### BRIEF:
Transcribe all of the entries below exactly. Leave out the pictures.

(Dataset entries)
+++
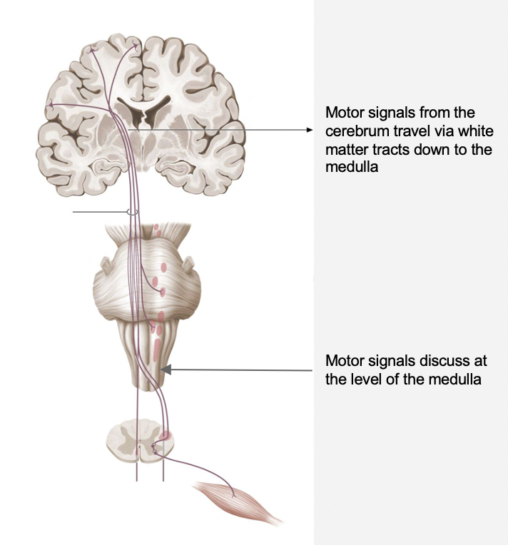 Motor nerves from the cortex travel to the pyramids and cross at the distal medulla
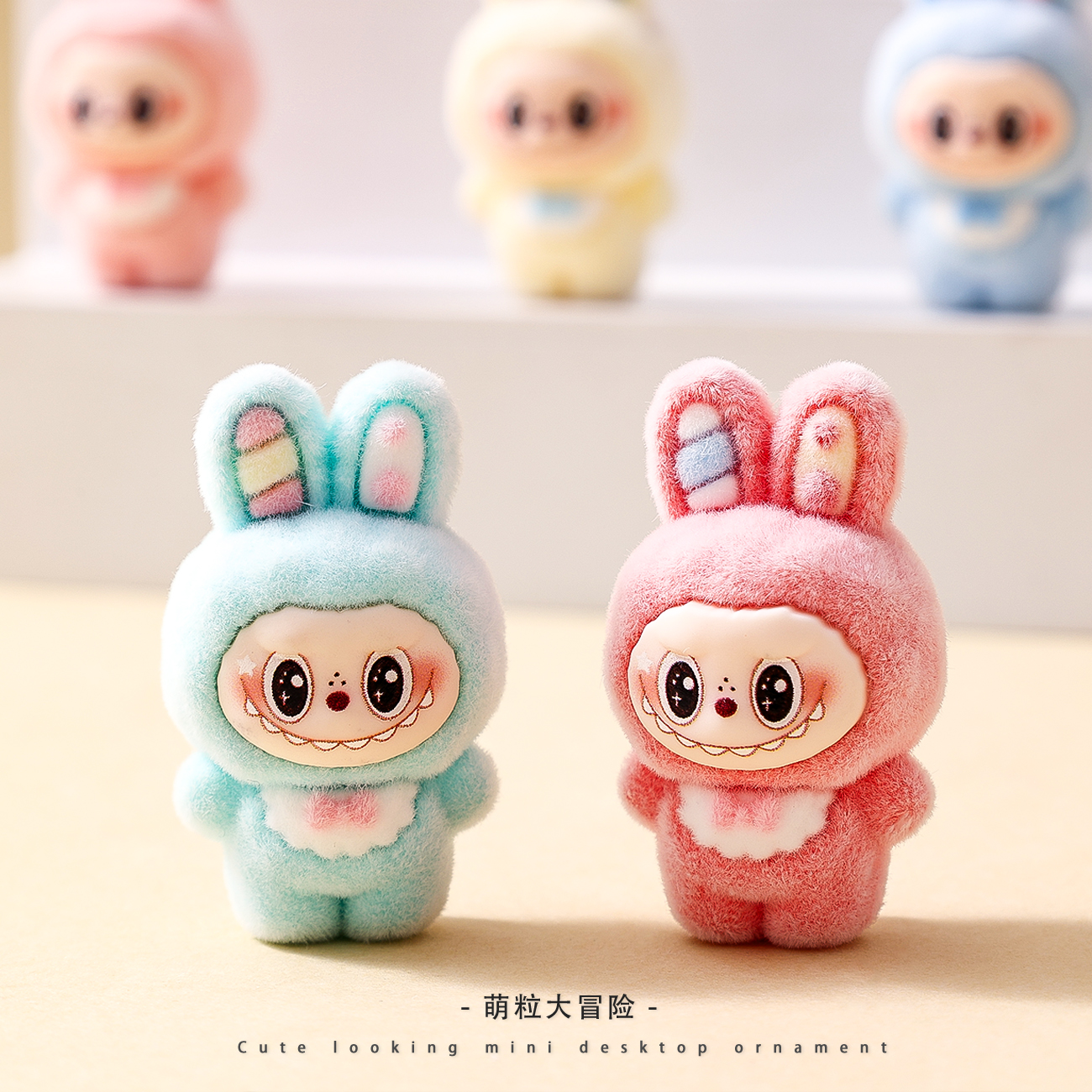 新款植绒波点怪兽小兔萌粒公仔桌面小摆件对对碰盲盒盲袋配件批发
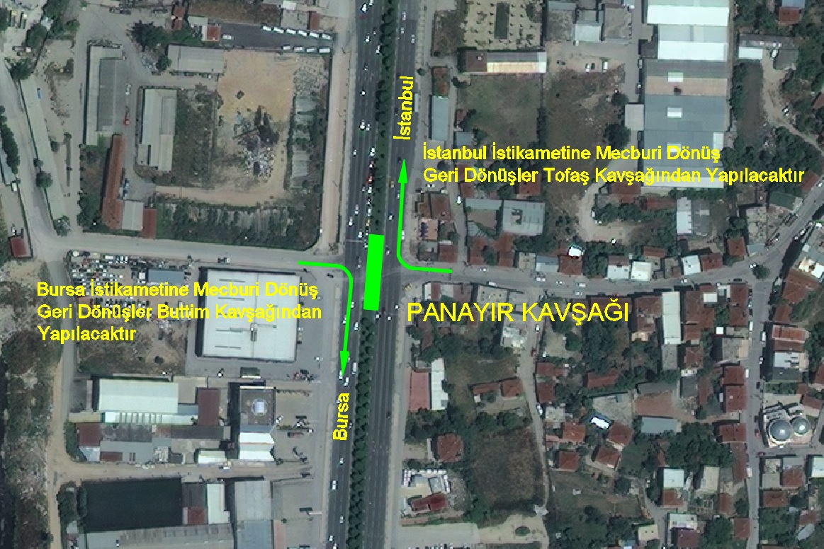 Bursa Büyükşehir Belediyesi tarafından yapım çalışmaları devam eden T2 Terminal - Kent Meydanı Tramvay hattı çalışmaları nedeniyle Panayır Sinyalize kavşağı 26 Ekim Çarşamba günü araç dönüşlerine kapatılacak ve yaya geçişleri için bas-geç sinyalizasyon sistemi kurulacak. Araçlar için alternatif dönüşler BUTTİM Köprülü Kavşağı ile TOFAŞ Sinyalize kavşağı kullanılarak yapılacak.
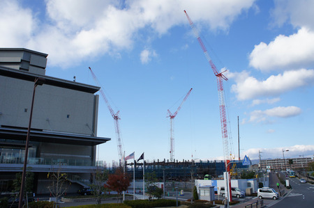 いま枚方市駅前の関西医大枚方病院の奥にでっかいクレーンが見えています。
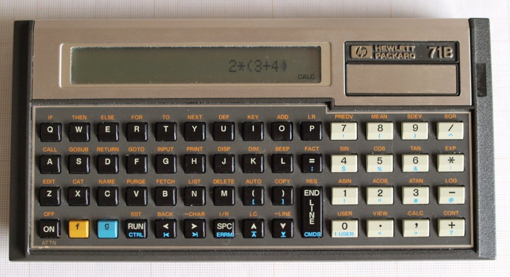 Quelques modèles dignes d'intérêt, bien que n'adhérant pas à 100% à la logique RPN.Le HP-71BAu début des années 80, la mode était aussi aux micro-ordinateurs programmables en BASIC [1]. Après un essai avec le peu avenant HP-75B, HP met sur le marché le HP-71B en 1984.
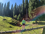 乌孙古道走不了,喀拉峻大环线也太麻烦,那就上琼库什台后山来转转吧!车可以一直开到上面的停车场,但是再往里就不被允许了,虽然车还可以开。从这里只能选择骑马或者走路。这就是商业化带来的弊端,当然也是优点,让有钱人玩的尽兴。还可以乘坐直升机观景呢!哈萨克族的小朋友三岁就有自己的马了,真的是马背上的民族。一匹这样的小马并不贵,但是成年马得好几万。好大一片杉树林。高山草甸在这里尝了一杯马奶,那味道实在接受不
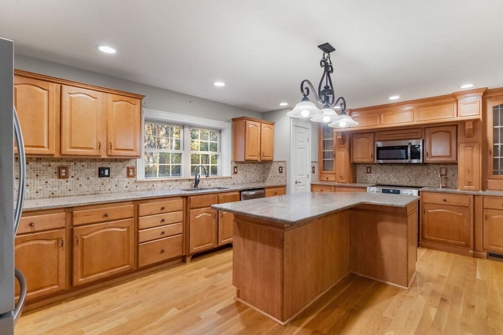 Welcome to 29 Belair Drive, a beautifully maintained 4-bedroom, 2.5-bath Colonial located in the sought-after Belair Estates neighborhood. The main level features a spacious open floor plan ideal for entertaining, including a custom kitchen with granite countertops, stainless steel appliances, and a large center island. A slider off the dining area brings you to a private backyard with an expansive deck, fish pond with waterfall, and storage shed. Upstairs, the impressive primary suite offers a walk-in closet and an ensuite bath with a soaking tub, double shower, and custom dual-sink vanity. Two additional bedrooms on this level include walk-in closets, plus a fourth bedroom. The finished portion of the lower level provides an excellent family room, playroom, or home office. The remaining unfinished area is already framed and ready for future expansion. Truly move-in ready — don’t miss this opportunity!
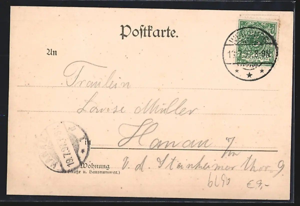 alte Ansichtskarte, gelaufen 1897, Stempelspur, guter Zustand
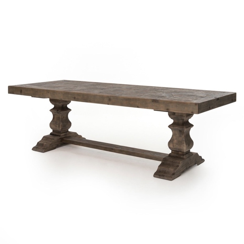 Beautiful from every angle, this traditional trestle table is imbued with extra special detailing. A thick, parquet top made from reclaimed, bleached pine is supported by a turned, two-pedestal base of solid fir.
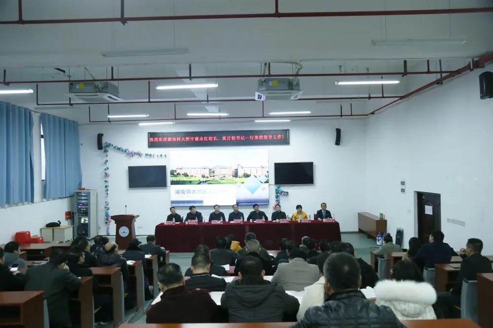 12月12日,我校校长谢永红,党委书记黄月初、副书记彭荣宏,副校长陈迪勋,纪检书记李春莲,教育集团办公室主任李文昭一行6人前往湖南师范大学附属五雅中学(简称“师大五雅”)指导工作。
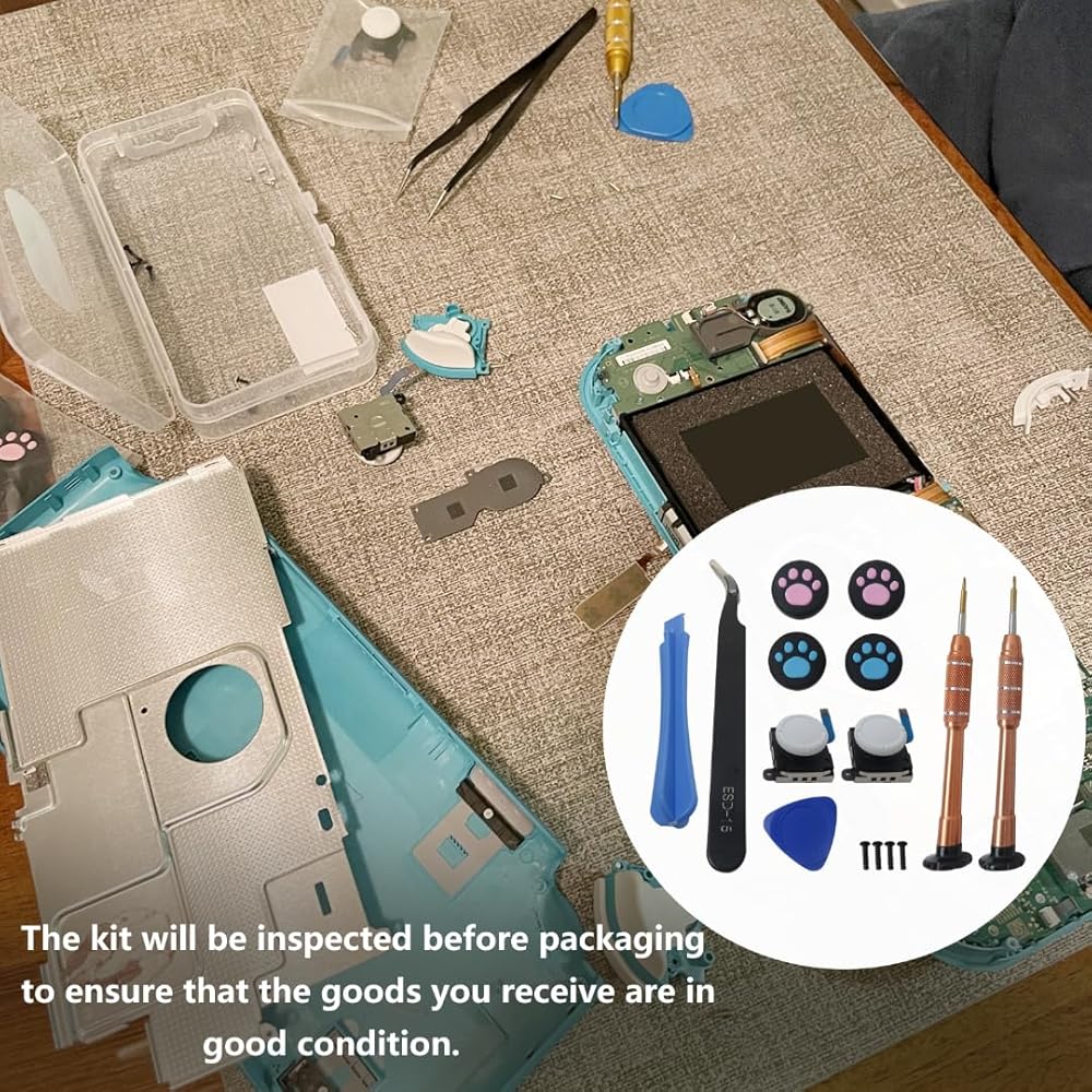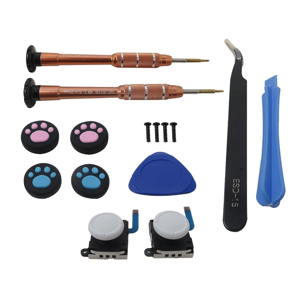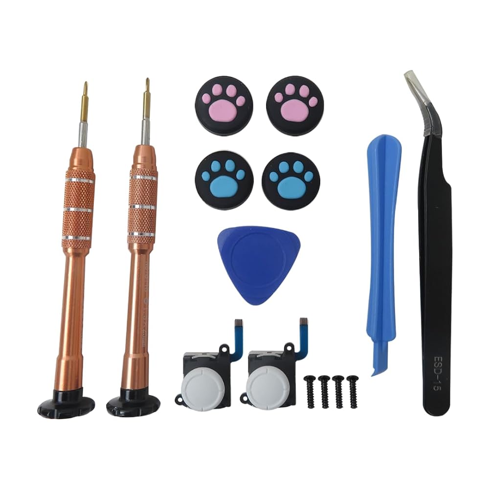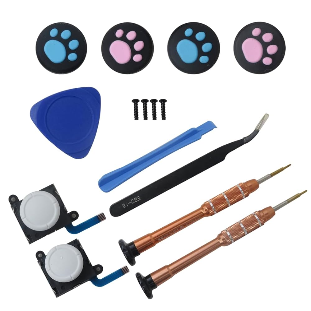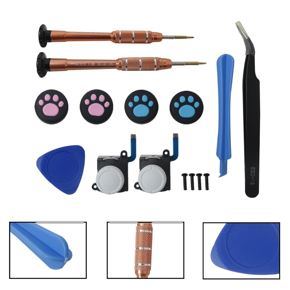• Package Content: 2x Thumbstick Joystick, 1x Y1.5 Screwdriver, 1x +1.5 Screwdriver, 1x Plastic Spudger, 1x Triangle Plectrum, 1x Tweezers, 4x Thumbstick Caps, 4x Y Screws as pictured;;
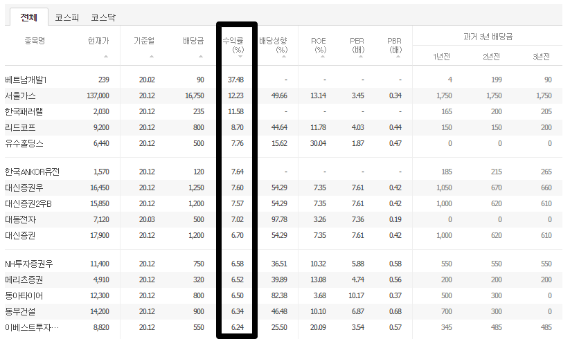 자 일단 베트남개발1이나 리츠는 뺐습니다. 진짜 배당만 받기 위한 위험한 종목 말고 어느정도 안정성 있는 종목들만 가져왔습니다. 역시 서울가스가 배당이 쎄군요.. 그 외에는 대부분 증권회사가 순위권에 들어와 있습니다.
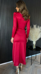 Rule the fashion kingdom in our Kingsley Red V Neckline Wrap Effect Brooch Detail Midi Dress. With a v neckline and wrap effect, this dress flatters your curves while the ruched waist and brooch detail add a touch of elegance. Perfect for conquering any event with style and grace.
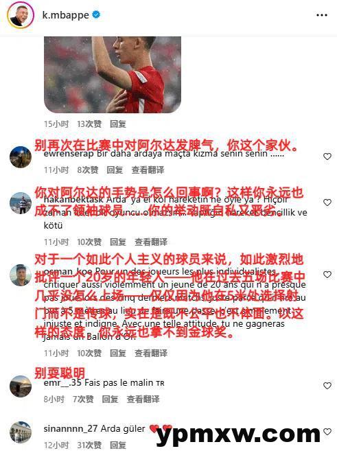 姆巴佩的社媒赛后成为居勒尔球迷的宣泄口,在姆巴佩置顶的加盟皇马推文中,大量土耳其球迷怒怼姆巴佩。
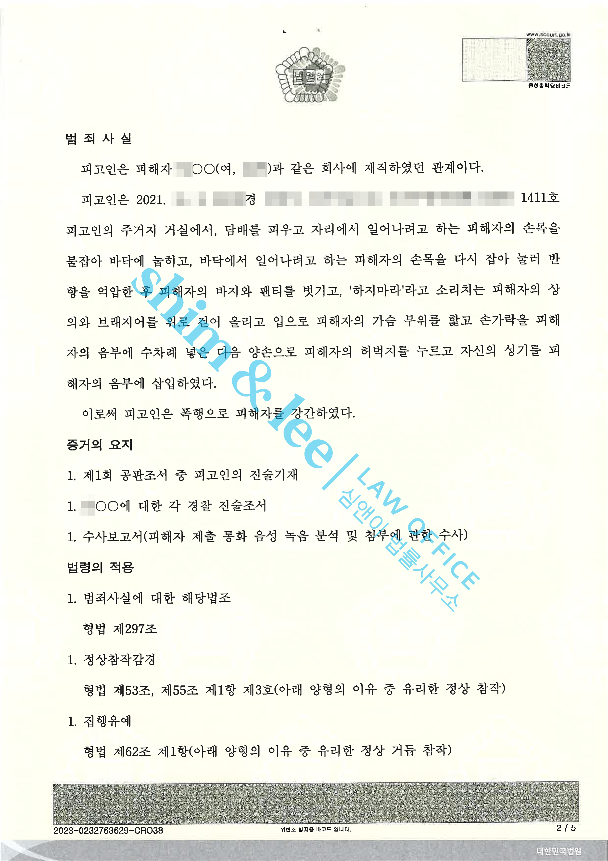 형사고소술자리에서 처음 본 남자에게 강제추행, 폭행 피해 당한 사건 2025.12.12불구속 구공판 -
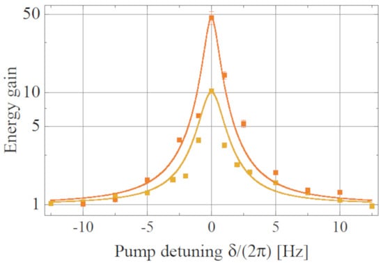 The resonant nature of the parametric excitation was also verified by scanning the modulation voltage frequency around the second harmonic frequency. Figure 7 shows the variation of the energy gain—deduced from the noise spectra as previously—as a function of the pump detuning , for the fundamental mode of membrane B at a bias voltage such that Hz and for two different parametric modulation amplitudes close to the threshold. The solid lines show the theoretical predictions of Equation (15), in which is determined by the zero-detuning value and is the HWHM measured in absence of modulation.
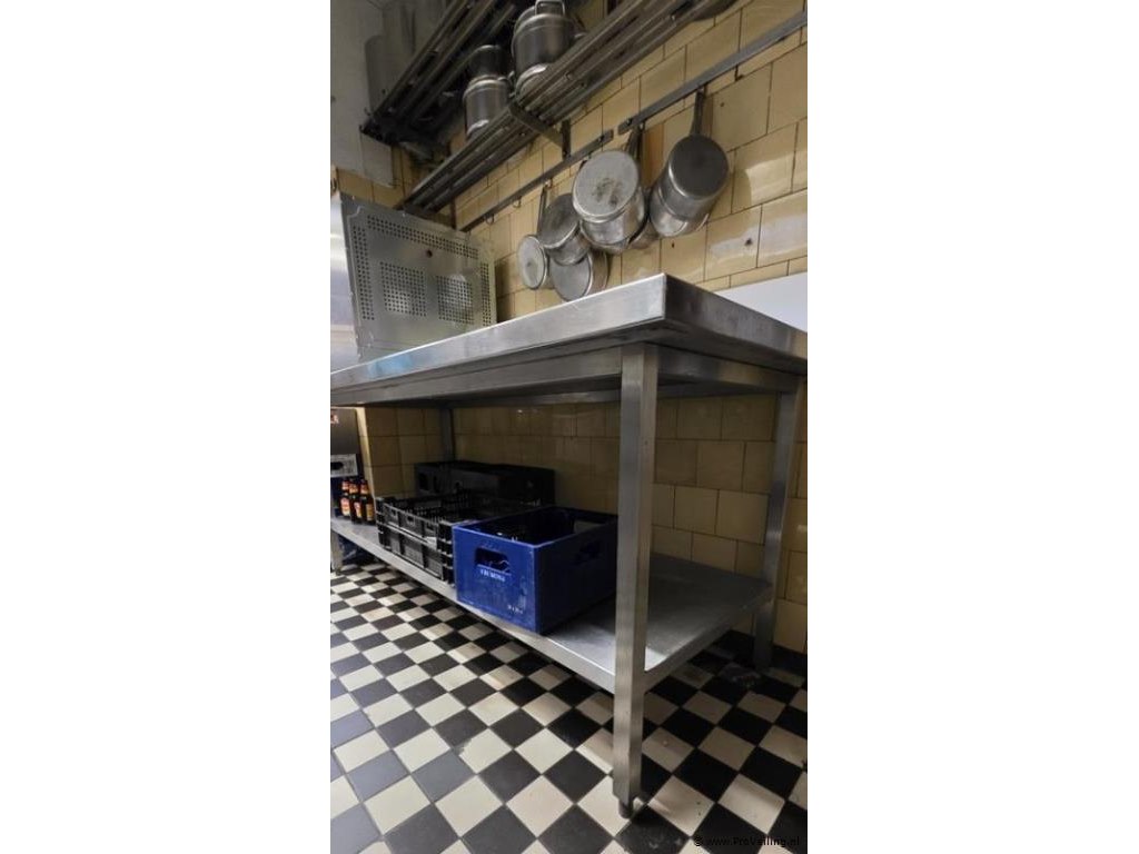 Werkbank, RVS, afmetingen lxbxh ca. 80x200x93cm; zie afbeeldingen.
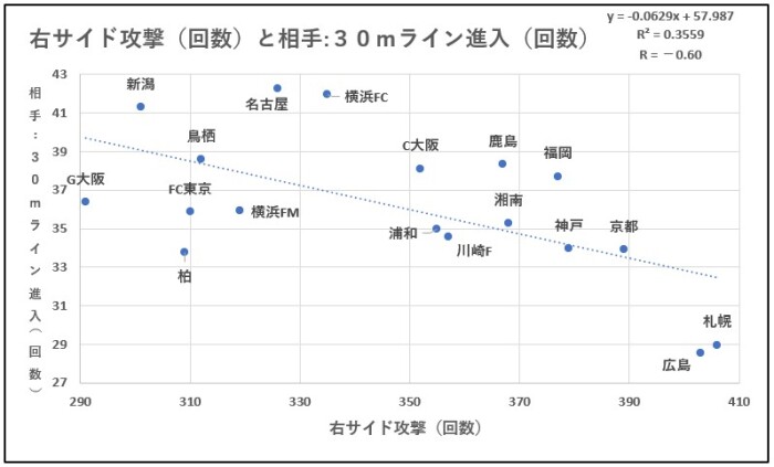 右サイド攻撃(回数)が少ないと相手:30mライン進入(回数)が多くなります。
+++
### YOUR SOLUTION:
 Motor nerves from the cortex travel to the pyramids and cross at the distal medulla
 新款植绒波点怪兽小兔萌粒公仔桌面小摆件对对碰盲盒盲袋配件批发
 Bursa Büyükşehir Belediyesi tarafından yapım çalışmaları devam eden T2 Terminal - Kent Meydanı Tramvay hattı çalışmaları nedeniyle Panayır Sinyalize kavşağı 26 Ekim Çarşamba günü araç dönüşlerine kapatılacak ve yaya geçişleri için bas-geç sinyalizasyon sistemi kurulacak. Araçlar için alternatif dönüşler BUTTİM Köprülü Kavşağı ile TOFAŞ Sinyalize kavşağı kullanılarak yapılacak.
 いま枚方市駅前の関西医大枚方病院の奥にでっかいクレーンが見えています。
 Quelques modèles dignes d'intérêt, bien que n'adhérant pas à 100% à la logique RPN.Le HP-71BAu début des années 80, la mode était aussi aux micro-ordinateurs programmables en BASIC [1]. Après un essai avec le peu avenant HP-75B, HP met sur le marché le HP-71B en 1984.
 乌孙古道走不了,喀拉峻大环线也太麻烦,那就上琼库什台后山来转转吧!车可以一直开到上面的停车场,但是再往里就不被允许了,虽然车还可以开。从这里只能选择骑马或者走路。这就是商业化带来的弊端,当然也是优点,让有钱人玩的尽兴。还可以乘坐直升机观景呢!哈萨克族的小朋友三岁就有自己的马了,真的是马背上的民族。一匹这样的小马并不贵,但是成年马得好几万。好大一片杉树林。高山草甸在这里尝了一杯马奶,那味道实在接受不
 Welcome to 29 Belair Drive, a beautifully maintained 4-bedroom, 2.5-bath Colonial located in the sought-after Belair Estates neighborhood. The main level features a spacious open floor plan ideal for entertaining, including a custom kitchen with granite countertops, stainless steel appliances, and a large center island. A slider off the dining area brings you to a private backyard with an expansive deck, fish pond with waterfall, and storage shed. Upstairs, the impressive primary suite offers a walk-in closet and an ensuite bath with a soaking tub, double shower, and custom dual-sink vanity. Two additional bedrooms on this level include walk-in closets, plus a fourth bedroom. The finished portion of the lower level provides an excellent family room, playroom, or home office. The remaining unfinished area is already framed and ready for future expansion. Truly move-in ready — don’t miss this opportunity!
 alte Ansichtskarte, gelaufen 1897, Stempelspur, guter Zustand
 Beautiful from every angle, this traditional trestle table is imbued with extra special detailing. A thick, parquet top made from reclaimed, bleached pine is supported by a turned, two-pedestal base of solid fir.
 12月12日,我校校长谢永红,党委书记黄月初、副书记彭荣宏,副校长陈迪勋,纪检书记李春莲,教育集团办公室主任李文昭一行6人前往湖南师范大学附属五雅中学(简称“师大五雅”)指导工作。
• Package Content: 2x Thumbstick Joystick, 1x Y1.5 Screwdriver, 1x +1.5 Screwdriver, 1x Plastic Spudger, 1x Triangle Plectrum, 1x Tweezers, 4x Thumbstick Caps, 4x Y Screws as pictured;;
 자 일단 베트남개발1이나 리츠는 뺐습니다. 진짜 배당만 받기 위한 위험한 종목 말고 어느정도 안정성 있는 종목들만 가져왔습니다. 역시 서울가스가 배당이 쎄군요.. 그 외에는 대부분 증권회사가 순위권에 들어와 있습니다.
 Rule the fashion kingdom in our Kingsley Red V Neckline Wrap Effect Brooch Detail Midi Dress. With a v neckline and wrap effect, this dress flatters your curves while the ruched waist and brooch detail add a touch of elegance. Perfect for conquering any event with style and grace.
 姆巴佩的社媒赛后成为居勒尔球迷的宣泄口,在姆巴佩置顶的加盟皇马推文中,大量土耳其球迷怒怼姆巴佩。
 형사고소술자리에서 처음 본 남자에게 강제추행, 폭행 피해 당한 사건 2025.12.12불구속 구공판 -
 The resonant nature of the parametric excitation was also verified by scanning the modulation voltage frequency around the second harmonic frequency. Figure 7 shows the variation of the energy gain—deduced from the noise spectra as previously—as a function of the pump detuning , for the fundamental mode of membrane B at a bias voltage such that Hz and for two different parametric modulation amplitudes close to the threshold. The solid lines show the theoretical predictions of Equation (15), in which is determined by the zero-detuning value and is the HWHM measured in absence of modulation.
 Werkbank, RVS, afmetingen lxbxh ca. 80x200x93cm; zie afbeeldingen.
 右サイド攻撃(回数)が少ないと相手:30mライン進入(回数)が多くなります。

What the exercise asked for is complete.